=== PROBLEM ===
Start to finish, print the data below exactly, without the images.

=== DATASET CONTENT ===
::::

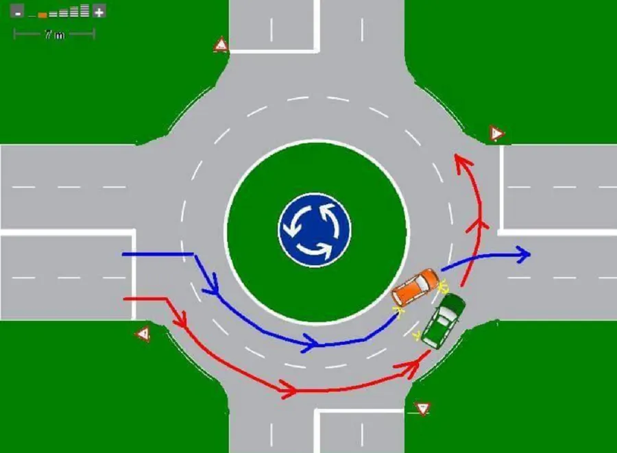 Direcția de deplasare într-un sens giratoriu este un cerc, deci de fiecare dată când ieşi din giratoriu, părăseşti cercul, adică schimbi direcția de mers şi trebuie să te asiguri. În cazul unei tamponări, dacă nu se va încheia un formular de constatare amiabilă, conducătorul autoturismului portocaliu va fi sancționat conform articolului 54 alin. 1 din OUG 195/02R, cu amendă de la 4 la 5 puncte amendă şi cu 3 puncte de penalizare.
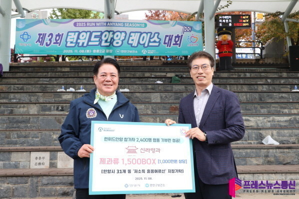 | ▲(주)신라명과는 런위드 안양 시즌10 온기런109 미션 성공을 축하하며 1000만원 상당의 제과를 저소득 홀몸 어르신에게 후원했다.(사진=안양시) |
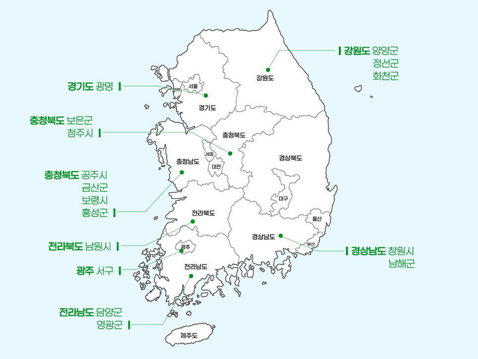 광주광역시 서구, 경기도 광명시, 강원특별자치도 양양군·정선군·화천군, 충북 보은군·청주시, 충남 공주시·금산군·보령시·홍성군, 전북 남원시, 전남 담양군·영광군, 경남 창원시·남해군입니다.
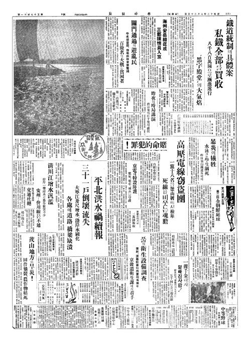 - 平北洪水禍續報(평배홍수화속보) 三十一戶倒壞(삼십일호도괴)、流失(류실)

::::

=== OUTPUT BELOW ===
 Direcția de deplasare într-un sens giratoriu este un cerc, deci de fiecare dată când ieşi din giratoriu, părăseşti cercul, adică schimbi direcția de mers şi trebuie să te asiguri. În cazul unei tamponări, dacă nu se va încheia un formular de constatare amiabilă, conducătorul autoturismului portocaliu va fi sancționat conform articolului 54 alin. 1 din OUG 195/02R, cu amendă de la 4 la 5 puncte amendă şi cu 3 puncte de penalizare.
 | ▲(주)신라명과는 런위드 안양 시즌10 온기런109 미션 성공을 축하하며 1000만원 상당의 제과를 저소득 홀몸 어르신에게 후원했다.(사진=안양시) |
 광주광역시 서구, 경기도 광명시, 강원특별자치도 양양군·정선군·화천군, 충북 보은군·청주시, 충남 공주시·금산군·보령시·홍성군, 전북 남원시, 전남 담양군·영광군, 경남 창원시·남해군입니다.
 - 平北洪水禍續報(평배홍수화속보) 三十一戶倒壞(삼십일호도괴)、流失(류실)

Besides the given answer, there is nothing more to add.